10/04/2019 Çarşamba Köşe yazarı O.Ü

Cahillere göre riyazet, yalnız açlık çekmektir. Aç kalmayı pek kıymetli sanırlar!

 

Sual: Bazı kimseler, Peygamberimiz ve ilk Müslümanlar açlık çekerek ruhen yükseldiler diyerek, aç kalmayı tavsiye ediyorlar. Gerçekten yükselmek için aç mı kalmak gerekir?

Cevap: Bu konuda, İmâm-ı Rabbânî hazretleri, Mektûbât kitabında buyuruyor ki:

“Din büyüklerinin yolunda, sünnet-i seniyyeye uymak, hâllerini örtmeye çalışmak, orta hâlli yaşamak, yiyecekte, giyecekte ve her şeyde orta hâli gözetmek vardır. Cahiller bunları riyazet saymazlar. Bunlara göre riyazet, yalnız açlık çekmektir. Çok aç kalmayı pek kıymetli sanırlar. Çünkü, hayvanlar gibi yaşayan bu kimseler, yemeye, içmeye çok önem verirler, hep bunları düşünürler. Bunun için, yememek, içmemek bunlara ağır riyazet görünür. Bu cahiller, sünnete uymaya ve benzerlerine hiç kıymet vermezler. Bu yolun büyüklerine, hallerini örtmeye çalışmak ve cahillerin kıymet verdikleri riyazetleri yapmamak lazımdır. Açlık çekmek gibi böyle riyazetleri cahiller beğenir, şöhrete sebep olur ve sonu kötü olur. Resûlullah efendimiz; (Dinde ve dünyada parmakla gösterilmesi, insana kötülük olarak yetişir. Bundan ancak Allahü teâlânın koruduğu kimse kurtulur) buyurdu.

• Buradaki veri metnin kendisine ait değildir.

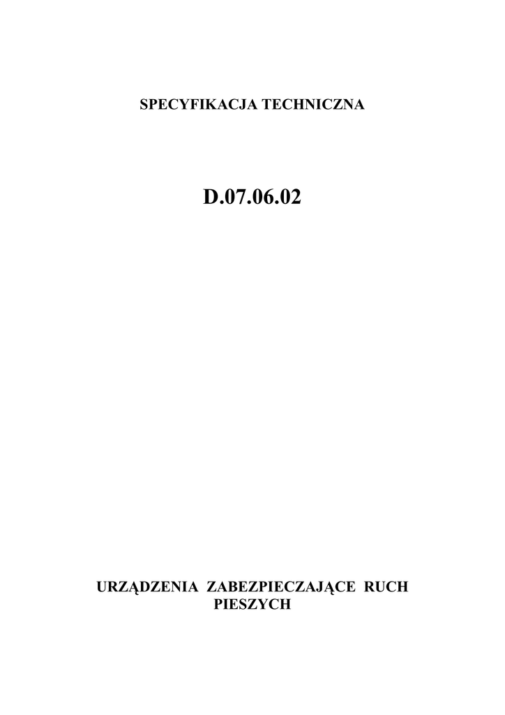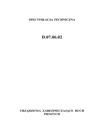 SPECYFIKACJA TECHNICZNA D.07.06.02 URZĄDZENIA ZABEZPIECZAJĄCE RUCH PIESZYCH SPECYFIKACJA TECHNICZNA D.07.06.02 1. Wstęp 1.1. Przedmiot stosowania ST Przedmiotem niniejszej Specyfikacji Technicznej są wymagania dotyczące wykonania i odbioru robót związanych z urządzeniami zabezpieczającymi ruch pieszych w związku z przebudową drogi wojewódzkiej polegającej na budowie chodnika w miejscowości Laskowice Pomorskie. 1.2. Zakres stosowania ST Specyfikacja Techniczna jest stosowana jako dokument przetargowy i kontraktowy przy zlecaniu i realizacji robot wymienionych w punkcie 1.1. 1.3. Zakres robót objętych ST Ustalenia zawarte w niniejszej specyfikacji dotyczą zasad prowadzenia robót związanych z wykonaniem urządzeń zabezpieczających ruch pieszy zgodnie z Dokumentacją Projektową, i obejmują: • wykonanie mat dla niewidomych z płytek chodnikowych 35x35x5cm z wypustkami ułoŜonych na podsypce cementowo-piaskowej grubości 3cm (przed przejściami dla pieszych). 1.4. Określenia podstawowe 1.4.1. Płyty chodnikowe betonowe - prefabrykowane płyty betonowe przeznaczone do budowy chodników dla pieszych. 1.4.2. Pozostałe określenia podstawowe są zgodne z obowiązującymi, odpowiednimi polskimi normami i z definicjami podanymi w ST D.00.00.00 „Wymagania ogólne” pkt 1.4. 1.5. Ogólne wymagania dotyczące robót Wykonawca robót jest odpowiedzialny za jakość wykonania robót oraz za zgodność robót z Dokumentacją Projektową, ST i poleceniami Inspektora Nadzoru. Ogólne wymagania dotyczące robót podano w ST D.00.00.00 „Wymagania ogólne”. 2. Materiały 2.1. Ogólne wymagania dotyczące materiałów Ogólne wymagania dotyczące materiałów i ich składowania, podano w ST D.00.00.00 „Wymagania ogólne” punkt 2. 2.2. Płyty chodnikowe betonowe - klasyfikacja 2.2.1. Rodzaje W zaleŜności od wymiarów i kształtu, naleŜy uŜyć rodzaj płyt chodnikowych betonowych: A - płyta normalna kwadratowa. 172 SPECYFIKACJA TECHNICZNA D.07.06.02 2.2.2. Odmiany W zaleŜności od technologii naleŜy uŜyć odmiany: płyta jednowarstwowa – 1. 2.2.3. Gatunki W zaleŜności od dopuszczalnych wielkości i liczby uszkodzeń oraz odchyłek wymiarowych naleŜy uŜyć: - gatunek I - G1, Płyty chodnikowe betonowe powinny odpowiadać wymaganiom BN-80/6775-03/01 [7] i BN-80/6775-03/03 [8] i ST. Przykład oznaczenia płyty chodnikowej normalnej połówkowej (B) jednowarstwowej (1) o wymiarach 35 x 17,5 cm gat. I: Płyta chodnikowa B-1 35/17,5 BN-80/6775-03/03 [8]. Co najmniej co 50-ta płyta na stronie nie naraŜonej na ścieranie powinna mieć podany w sposób trwały: znak wytwórni, symbole elementu, datę produkcji i znak kontroli odbiorczej. 2.3. Płyty chodnikowe betonowe - wymagania techniczne 2.3.1. Kształt i wymiary W projekcie zastosowano do wbudowania płyty kwadratowe 35×35×5cm z wypustkami. Dopuszczalne odchyłki wymiarów płyt chodnikowych betonowych dla gatunku I wynoszą ± 2 2.3.2. Dopuszczalne wady i uszkodzenia Dopuszczalne wady i uszkodzenia powierzchni i krawędzi płyt chodnikowych betonowych podano w tablicy 3. Tablica 3. Dopuszczalne wady i uszkodzenia Dopuszczalna wielkość wad i uszkodzeń Gatunek 1 Rodzaj wad i uszkodzeń płyt chodnikowych betonowych Wklęsłość lub wypukłość powierzchni i krawędzi, mm Szczerby i uszkodzenia ograniczających powierzchnie górne krawędzi i naroŜy (ścieralne), mm 2 niedopuszczalne ograniczających pozostałe powierzchnie: - liczba max 2 - długość, mm, max 20 - głębokość, mm, max 6 2.3.3. Składowanie Płyty chodnikowe betonowe powinny być składowane rębem, płaszczyznami górnymi ku sobie, na podłoŜu wyrównanym i odwodnionym. Płyty powinny być posegregowane we- 173 SPECYFIKACJA TECHNICZNA D.07.06.02 dług rodzajów, odmian i gatunków. Płyty naleŜy ustawiać na podkładkach drewnianych oraz zabezpieczać krawędzie przed uszkodzeniem przekładkami drewnianymi. 2.3.4. Beton i jego składniki 2.3.4.1. Beton do produkcji płyt chodnikowych Do produkcji płyt chodnikowych betonowych jednowarstwowych naleŜy stosować beton klasy B 30. Płyty chodnikowe powinny charakteryzować się: − nasiąkliwością poniŜej 4 %, − mrozoodpornością F150 i wodoszczelnością W8, zgodnie z normą PN-B-06250 [10], − ścieralnością na tarczy Boehmego ≤ 3mm 2.3.4.2. Cement Do produkcji płyt chodnikowych betonowych naleŜy stosować cement portlandzki klasy nie niŜszej niŜ „32,5” wg PN-EN 197-1 [4]. Przechowywanie cementu powinno być zgodne z BN-88/6731-08 [6]. 2.3.4.3. Kruszywo do betonu Kruszywo do betonu powinno odpowiadać wymaganiom PN-EN 12620 [2]. 2.3.4.4. Woda Woda powinna być odmiany „1” i odpowiadać wymaganiom PN-EN 1008-1 [5]. 2.5. Materiały na podsypkę i do zapraw oraz wypełnienia spoin Cement na podsypkę i do zaprawy powinien być cementem portlandzkim klasy „32,5”, odpowiadający wymaganiom PN-EN-197-1 [4]. Piasek na podsypkę i do wypełnienia spoin powinien odpowiadać wymaganiom PN-B06712 [2], a do zaprawy cementowo-piaskowej PN-EN 13139 [1]. Woda powinna być odmiany „1” i odpowiadać wymaganiom PN-EN 1008-1 [5]. 3. Sprzęt 3.1. Ogólne wymagania dotyczące sprzętu Ogólne wymagania dotyczące sprzętu podano w ST D.00.00.00 „Wymagania ogólne” pkt 3. 3.2. Sprzęt do wykonania mat z wypustkami dla niewidomych Roboty wykonuje się ręcznie przy zastosowaniu sprzętu pomocniczego: - betoniarek do wytwarzania betonu i zapraw oraz przygotowania podsypki cementowopiaskowej, - wibratorów płytowych, ubijaków ręcznych lub mechanicznych. 4. Transport 4.1. Ogólne wymagania dotyczące transportu Ogólne wymagania dotyczące transportu podano ST D.00.00.00 „Wymagania ogólne” pkt 4. 174 SPECYFIKACJA TECHNICZNA D.07.06.02 4.2. Transport płyt chodnikowych Płyty chodnikowe betonowe mogą być przewoŜone dowolnymi środkami transportu po osiągnięciu przez beton wytrzymałości minimum 0,7 wytrzymałości projektowanej. 5. Wykonanie robót 5.1. Ogólne w

Uzun açlıklar çekmek, yemekte ve içmekte orta dereceyi gözetmekten daha kolaydır. Orta hâli gözetmek riyazetinin, çok aç kalmak riyazetinden daha üstün olduğu meydandadır. Yiyecekte, giyecekte ve her işte orta dereceyi gözetmek çok iyidir.

Hak teâlâ, Peygamber efendimize kırk erkek kuvveti ihsan etmişti. Bu kuvveti ile ağır açlıklara dayanırdı. Eshâb-ı kiram da, insanların en iyisinin sohbeti yardımı ile bu yüke katlanırlardı. Bu yüzden işlerinde ve çalışmalarında hiçbir bozukluk ve gevşeklik olmazdı. Aç iken muharebede düşmanla çarpışırlardı. Eshâb-ı kiramdan başkaları, böyle aç kalsalar, edepleri, sünnetleri, belki de farzları yapamaz hâle gelirlerdi. Gücü yok iken, bu işte Eshâb-ı kirama benzemeye kalkışmak, kendini sünnetleri ve farzları yapamayacak hâle sokmak olur. Hazret-i Ebu Bekir, Peygamber efendimiz gibi her gün oruç tutmak istedi. Zayıflayıp, takati kalmayınca, Resûlullah efendimiz, buna üzülerek; (İçinizde benim gibi kim vardır? Rabbimin huzurunda kalırım. Oradan yerim ve içerim) buyurdu. Görülüyor ki, gücü yetmediği şeyi yapmaya kalkışmak iyi değildir.”